On the other hand, we know that folks want to use arbitrary types for JSON, 
REST, etc. So, the idea is to cap the work at the first x hours: the main 
vector types which everyone uses all the time and which are a core part of SQL.

This is not a well-developed idea, but we can brainstorm as we go along. We 
might divide types into two broad groups: SQL and "JSON". The SQL group 
represents anything that fits into the (extended) Relational model: tables of 
tuples (possibly nested.) For example:

* Scalars (nullable, non-nullable)

* Nested tables: arrays, including arrays of maps. (A repeated map is now just 
a subtable, supported via the lateral join feature.)

* Nested tuples: well-defined nested structures, typically called a STRUCT in 
other tools.

The semantics and mechanism of these types are well defined; they fit well into 
the vector format.

On the other hand are the "JSON" types: anything that can be described as JSON. 
For such types, rather than an endlessly expanding set of complex cases, define 
a single simple mechanism that  uses Java objects. The simplest case is just to 
use objects that mimic JSON: List, Map, Long, Double, String. Multiple JSON 
serializers exist for text (JSON) and binary (BSON).
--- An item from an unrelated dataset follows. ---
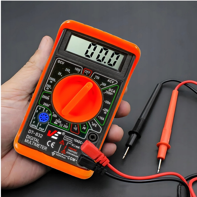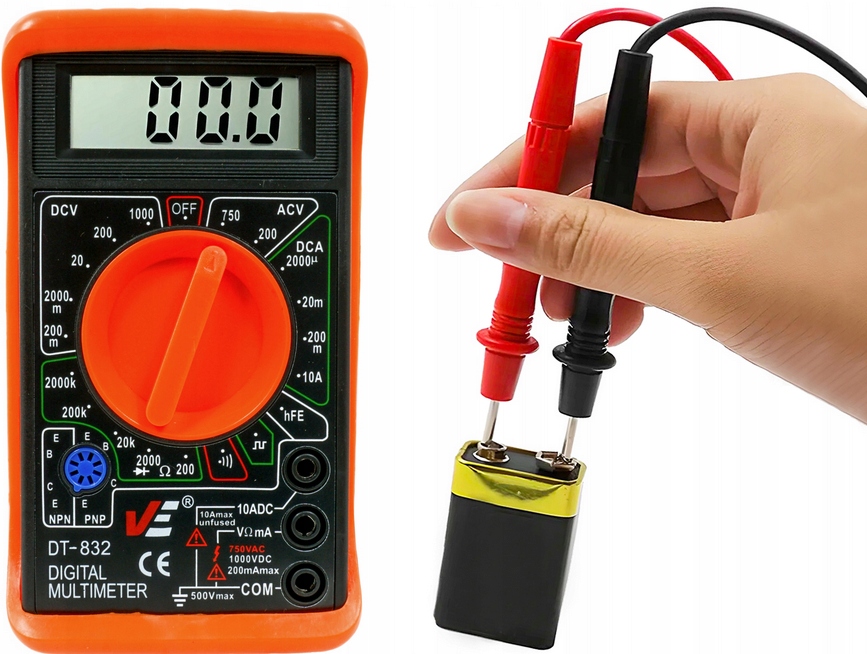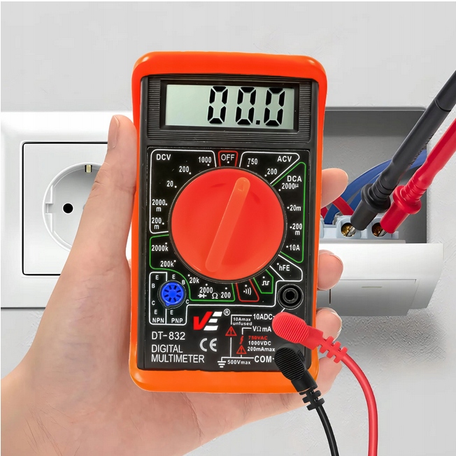 Цифровий мультиметр Verke DT832 розроблено відповідно до стандарту EN61010 і характеризується категорією вимірювання CAT I (перенапруга) і другим класом захисту. Цей прилад виконує вимірювання постійної та змінної напруги, постійного струму, опору, безперервності (акустичний сигнал), перевірку діода та h FE (підсилення постійного струму в колі транзистора WE). Лічильник генерує тестовий сигнал синусоїди або прямокутника з частотою 50 Гц і рівнем 5 В p-p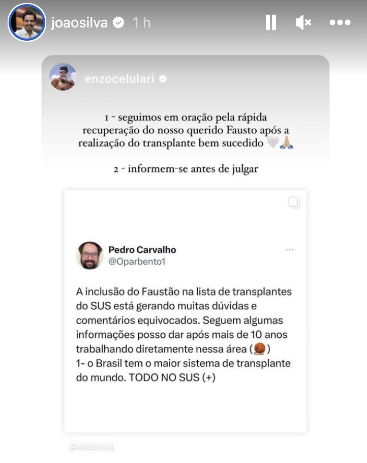 João Guilherme Silva compartilhou uma publicação de Enzo Celulari em defesa do transplante pai, Fausto Silva, que foi realizado neste domingo, 27. É que muitos estão questionando a rapidez do processo. Na publicação, o filho de Claudia Raia pede que não sejam realizados pré-julgamentos sobre o procedimento. "Seguimos em oração pela rápida recuperação do nosso querido Fausto após a realização do transplante bem sucedido. Informem-se antes de julgar". Além de ter sido compartilhado por Enzo, o post que João Guilherme endossou foi publicado pelo Mídia Ninja e mostra que há muitas variáveis na hora de se decidir quem vai receber um órgão. "Por fim, um exercício de empatia após ver muito gente dizer: "não quero doar, pois pode haver muita coisa errada no sistema". Ponha-se no lugar do outro: se fosse você, precisando de um órgão para ficar vivo, tenho certeza absoluta que esperaria muito o "sim" de alguém à doação."

Again, making things up as we go along, the JSON vector would have two forms: 
serialized (as a VARBINARY vector) and deserialized, as Java objects. The 
serialized form would be that sent over the wire on exchanges and to the 
client. The deserialized form would be produced by readers, consumed and 
produced by functions, etc.

I suspect we'd need some schema hint to say, "these five fields are SQL types, 
but this other field is a JSON type." 

Here is simple example. Suppose we have this JSON:

{ name: "Fred", balance: 123.45, city: "Bedrock",
  shoppingCard: [ {prodId: 1234, quantity: 1}, {prodId: 2345, quantity: 10} ],
  contactInfo: { phones: [ "123-4567", "345-5678 x123" ], notes: "Call in early 
AM" }}

The first three fields are simple SQL types that appear in all records. The 
next field is a nested table of two columns. The last bit is an arbitrary JSON 
structure that can vary for each record.

If the user can tell us that, we can store the "contactInfo" as a JSON 
structure: a Map that contains a List of String and a String. (The trick is 
that there is no way, without a hint, to know which bits of the above JSON are 
SQL types and which are JSON types.)

A query can then use something like JSON Path [1] to work with this structure:

SELECT name, jsonPath(contactInfo, "$.phones[0]") AS phone FROM ...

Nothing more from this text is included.